3 августаЧто, собственно, рассказывать? Он поправился, но не так, как пять лет назад. Болезнь сваливала его с ног еще и еще раз, безболезненно почти, но упорно. Он принялся за книгу. Ему хотелось рассказать о своем опыте чтеца[19]. Он боялся, что выступать больше не придется. Он захворал, вдобавок к сердечной болезни, — забыл, какое имя носит это несчастье. У него стали шататься и выпадать зубы. Ему сделали мост. Золотой. И очень неудачно — испортили ему дикцию. И это огорчало его. Книжку писал он упорно. Интересной казалась мне мысль о том, что чтец обязан найти, от имени кого читается вещь. Угадать авторский характер. Не в актерском, а в особом плане. Не выходя за пределы своего искусства чтеца. Он зашел показаться профессору Рыссу, Симе Рыссу, нашему сверстнику. И Сима сказал мне: «А ты знаешь, что Тоня обречен? Ему жить — месяц, другой, — у него сильнейший склероз. Особенность склероза — его избирательность. Мозг — не тронут. Голова свежа. А человек обречен». И я не поверил этому. Тоня решил начать выступления — настолько он хорошо себя чувствовал. Но сначала по радио. Там спокойнее. Мы с Эйхенбаумом должны были зайти к нему — посоветоваться о Тониной книге.

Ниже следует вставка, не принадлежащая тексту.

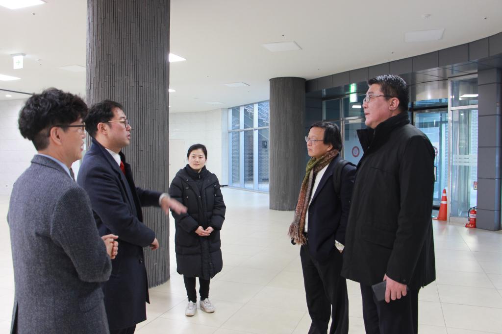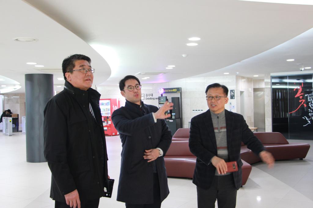 在光云大学,王亚军一行与刘智相校长等人就双方已经开展的中韩合作项目进行了总结,并就扩大合作领域、专业,加强深化合作,加强师生交流等方面进行了深入的探讨,取得了广泛的共识。双方一致认为,两校要以中韩合作建筑学项目为基础,积极扩展合作领域,在人工智能、物联网等方面加强合作。
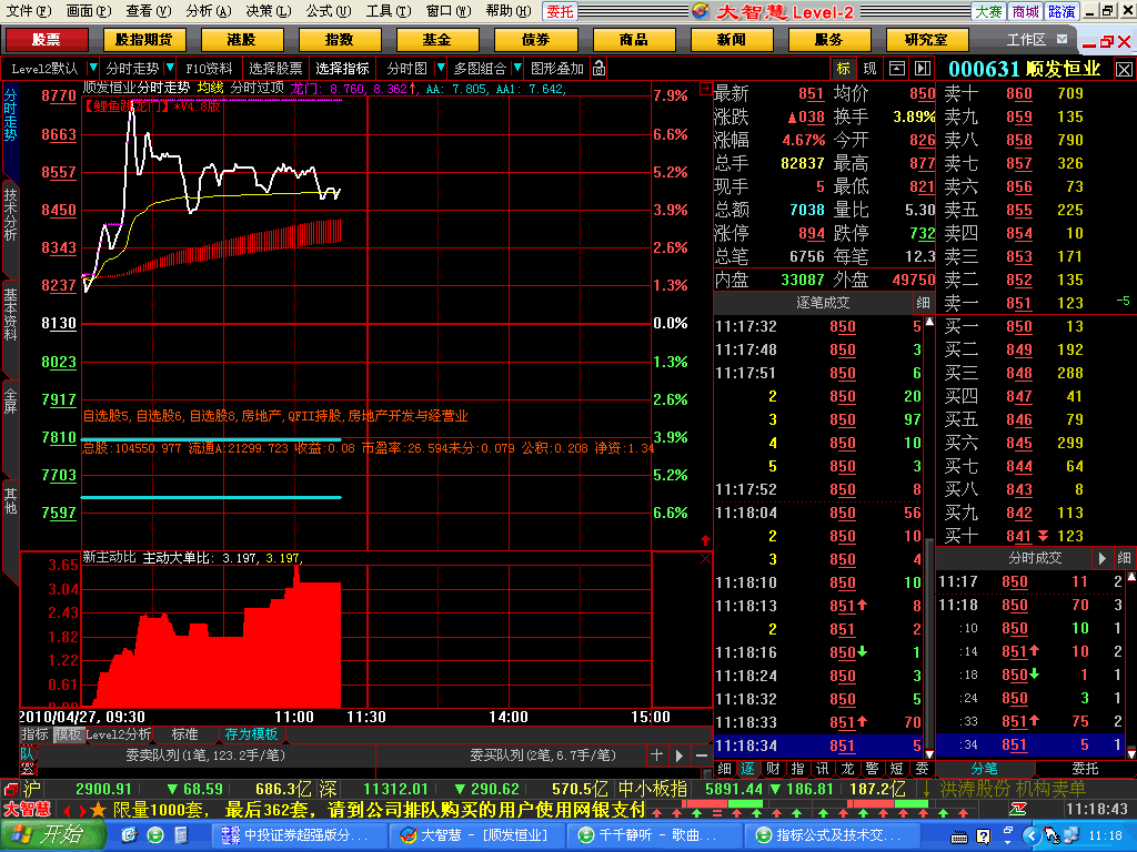 主动大单比公式 指标 选股 源码[大智慧公式]

На радио затянулась репетиция. Тоня устал. Когда я позвонил, что мы с Эйхенбаумом идем к нему, Наташа сообщила, что свидание придется отложить, Тоня заболел. И больше мы не виделись. То лучше, то хуже, то лучше, то хуже. Я был у Войно — Ясенецких на именинах. Позвонил домой. Все время занято. Слишком долго. И это встревожило меня. Я поехал домой. И узнал, что Тоня умер. Он обосновался в те дни у сестер — у Вали, той самой нежной девочки, появление которой так удивило меня в большой шварцевской квартире в Екатеринодаре, и у Муры[20], которая появилась на свет годом — двумя позже. Валя уже совсем седая. Мура и Наталья Борисовна сидели возле постели, на которой лежал Тоня с обычным своим рассудительным и спокойным выражением, только глаза были закрыты, и это был не Тоня. И как бы мы ни жалели его, уже ничего общего не было между ним и нами. С месяц назад, в сильный ветер, поздним, хоть и светлым вечером включил я радио и услышал живой Тонин голос. Он читал «Медного всадника», и я слышал даже его дыхание.